La société civile dispose également d’un rôle important dans son processus d’émergence. Elle participe à la création d’un consensus sur l’attribution de droits aux Autochtones ou aux minorités qui favorise l’acceptabilité par les États de la norme nouvelle et qui renforce sa légitimité. En la matière, les représentants étatiques se positionnent en fonction de leur électorat et de la société civile, c'est-à-dire des citoyens, des organisations non gouvernementales et des lobbies. Dans un système démocratique, si ces derniers ont une position majoritairement défavorable à l’égard des objectifs que vise la norme, il est peu probable que l’État se situe autrement. Il rejettera donc son adoption ou, à défaut, tentera de la retarder ou d’en diluer le contenu et d’en limiter la portée.

Or, le positionnement des lobbies et de la société civile est le résultat d’intérêts stratégiques, mais aussi de préjugés. Par exemple, en Europe, l’impopularité de la question rom auprès de la majorité des citoyens a pour effet de ralentir l’adoption par les États et les organisations régionales de normes qui assurent le respect de leurs droits. Les préjugés, stéréotypes ou « images manipulées »134 ont des conséquences concrètes sur le droit. La Cour européenne, pour sa part, éprouve des difficultés à trancher clairement la question des espaces de stationnements pour les membres du peuple Rom, en l’absence de consensus des États135.

134 « […] ce sont les aspects les plus négatifs de l’image qui sont réactivés. Roms, Voyageurs, Tsiganes sont considérés comme voleurs, bruyants, sales, immoraux, trompeurs, asociaux, ne travaillant pas. On les dit « enseigner des choses diaboliques »; leur art de devin attire et fait peur tout à la fois », J-P. LIÉGEOIS, Roms en Europe, préc., note 124, p. 159, voir aussi cet ouvrage p. 160-169.

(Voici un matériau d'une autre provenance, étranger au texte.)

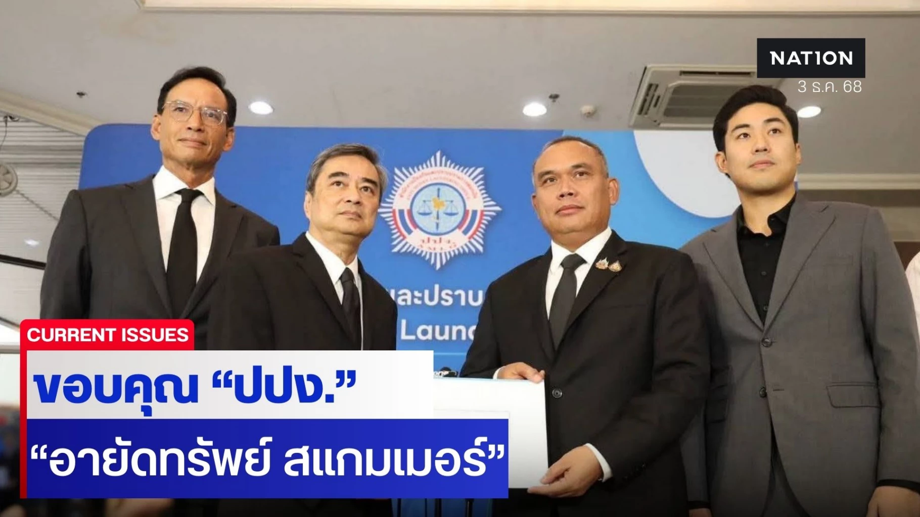 3 ธันวาคม 2568 นายพงศกร ขวัญเมือง โฆษกพรรคประชาธิปัตย์ ได้โพสต์ข้อความ ขอบคุณสำนักงานป้องกันและปราบปรามการฟอกเงิน (ปปง.) อย่างเป็นทางการ หลังจากคณะกรรมการธุรกรรม ปปง. มีมติสำคัญเมื่อวันที่ 2 ธันวาคม 2568 ให้ยึดและอายัดทรัพย์สินในคดีอาชญากรรมทางเทคโนโลยี 4 คดีใหญ่ ซึ่งมีมูลค่ารวมสูงถึง 10,165 ล้านบาท

Quant à leur rôle en aval, les États membres d’organisations régionales ou internationales, ont le pouvoir de cristalliser ou de transformer le droit au respect des modes de vie minoritaires ou autochtones en norme conventionnelle, alors que les acteurs non étatiques peuvent influencer favorablement ou défavorablement ce processus, en faisant pression sur les États.

Adhérant à une conception élargie de la production des normes juridiques supranationales, nous venons de présenter les divers acteurs impliqués dans l’émergence du droit au respect des modes de vie minoritaires ou autochtones. Nous nous sommes également concentrés sur les implications et les apports de chacun d’eux dans ce processus. Il en ressort une vision construite de la norme examinée qui se différencie d’une vision statique ou « préétablie ». Celle-ci a le mérite de mettre en contexte la production de la norme juridique internationale qui émane des contentieux, pour en percevoir les sources, la signification et les effets.

Avant de développer ces éléments, nous nous arrêterons sur l’exercice par les juges régionaux et experts du Comité des droits de l’homme, de leur rôle en matière d’objectivation de la norme. Même si les juges jouent un rôle que nous avons qualifié de « secondaire », dans la mesure où leur intervention est conditionnée à la saisine des requérants, ils disposent d’un pouvoir fondamental en matière de concrétisation juridique et de circonscription de la norme. Ils participent donc directement à l’établissement de la norme en déterminant, en quelque sorte, son degré de juridicité. Même si les requérants minoritaires ou autochtones impulsent l’émergence de la norme juridique en amont, en la délogeant du néant à travers l’expression de leurs revendications, ce sont les juges et les experts qui, en définitive, disposent du pouvoir capital de la consacrer en droit.